Looks great AK, wish i had a tank like that.. I was just in petsmart and got a laugh at the sign under the Pacus "Max size 8", reconended tank size atleast 40 gallons" only to be rudely asked "whats so funny" by the tool who just started working there... I simply asked "if he even knew the difference between jam and jelly...." and walked away after i hit him with that stunner


----------



## AKSkirmish (Jun 24, 2005)

AS fan said:


> Looks great AK, wish i had a tank like that.. I was just in petsmart and got a laugh at the sign under the Pacus "Max size 8", reconended tank size atleast 40 gallons" only to be rudely asked "whats so funny" by the tool who just started working there... I simply asked "if he even knew the difference between jam and jelly...." and walked away after i hit him with that stunner


That "stunner"-LMFAO-that was good.....
Thanks 420-I so want to make it a reef tank now though----Darn pacu,If he wasn't so nice looking I would get rid of him..But I just simply can't bring myself to it-Guess I'll just have to wait like what 30 years or some crap...LOL


----------



## Ægir (Jan 21, 2006)

AKSkirmish said:


> Looks great AK, wish i had a tank like that.. I was just in petsmart and got a laugh at the sign under the Pacus "Max size 8", reconended tank size atleast 40 gallons" only to be rudely asked "whats so funny" by the tool who just started working there... I simply asked "if he even knew the difference between jam and jelly...." and walked away after i hit him with that stunner


That "stunner"-LMFAO-that was good.....
Thanks 420-I so want to make it a reef tank now though----Darn pacu,If he wasn't so nice looking I would get rid of him..But I just simply can't bring myself to it-Guess I'll just have to wait like what 30 years or some crap...LOL
[/quote]

yeah... he almost fell over backwards when i said "i cant jelly my c**k down your throat" so stunner was the best word for it...

keep that beast until he cant turn around in your tank anymore


----------



## Malawi- (Oct 21, 2008)

Ya thats a big sump.
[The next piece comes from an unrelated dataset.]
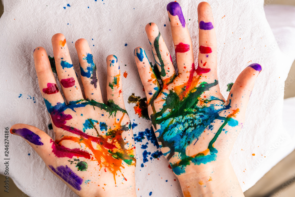A child's hands are covered in red, pink, yellow, orange, red, blue, green, and purple ink. Concepts: art, education, play, watercolor, finger painting, mess, creativity, fun, enjoyment
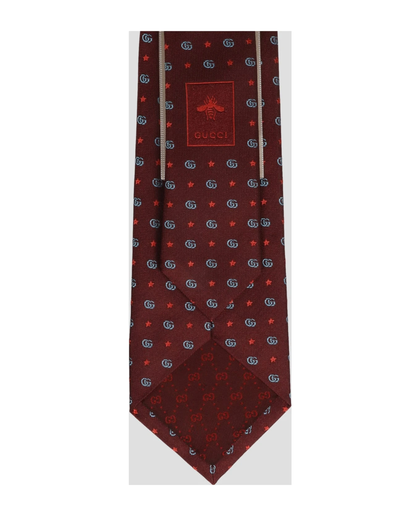 Silk tie by Gucci, with jacquard Double G and Stars motif. – Red Gucci bee label on the back

Throw on a few Fx5's.? Or were you leaking of something else?


----------



## Ægir (Jan 21, 2006)

Malawi- said:


> Ya thats a big sump. Throw on a few Fx5's.? Or were you leaking of something else?


Or add lots of baffles and increase media contact time in the existing sump... you could do that for a 150$ max, but the few days of down time would be hard for a large tank like that


----------



## Malawi- (Oct 21, 2008)

AK, PM sent.


----------



## Furgwa (Sep 23, 2003)

holy, just searched for a fish weight calculator. With a length of 25" and a girth of 35"(rough guess if he is 12 tall and 4 thick). That bad boy would be a estimated 25.5lbs!!!! That rules!


----------



## AKSkirmish (Jun 24, 2005)

Skunkbudfour20 said:


> holy, just searched for a fish weight calculator. With a length of 25" and a girth of 35"(rough guess if he is 12 tall and 4 thick). That bad boy would be a estimated 25.5lbs!!!! That rules!


Hot damn-
Never really tried to figure it out....

That certainly is a big boy :laugh:


----------